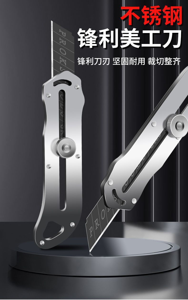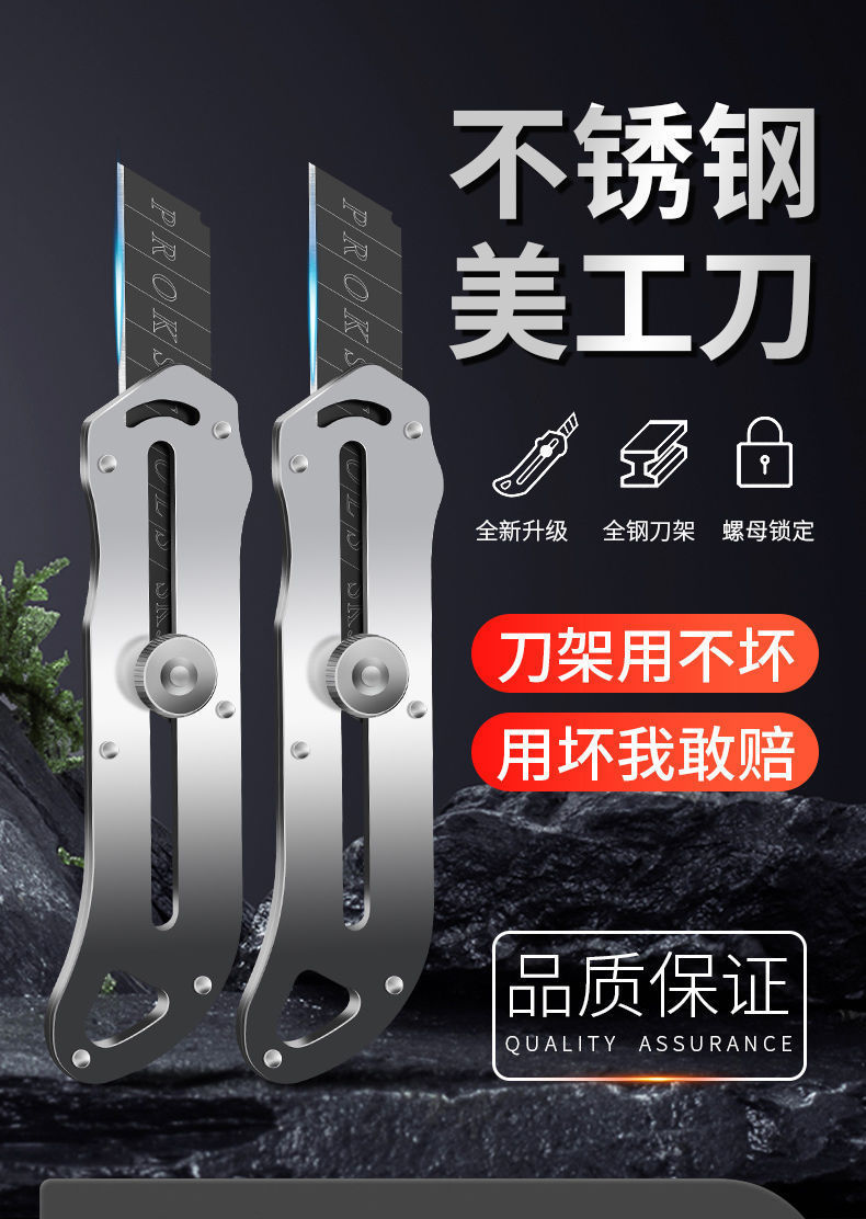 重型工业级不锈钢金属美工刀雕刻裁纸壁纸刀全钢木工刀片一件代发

──────────────────────────────

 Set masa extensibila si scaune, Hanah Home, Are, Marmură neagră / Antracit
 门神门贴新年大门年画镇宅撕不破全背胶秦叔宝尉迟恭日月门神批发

──────────────────────────────

• What this task involves:
In the entries above, one line contains "Set masa extensibila" and another contains "门神门贴新年大门年画镇宅撕不破全背胶秦叔宝尉迟恭日月门神批发". Reproduce exactly those two lines and the lines between them, nothing else.

• Completed task:
 Set masa extensibila si scaune, Hanah Home, Are, Marmură neagră / Antracit
 门神门贴新年大门年画镇宅撕不破全背胶秦叔宝尉迟恭日月门神批发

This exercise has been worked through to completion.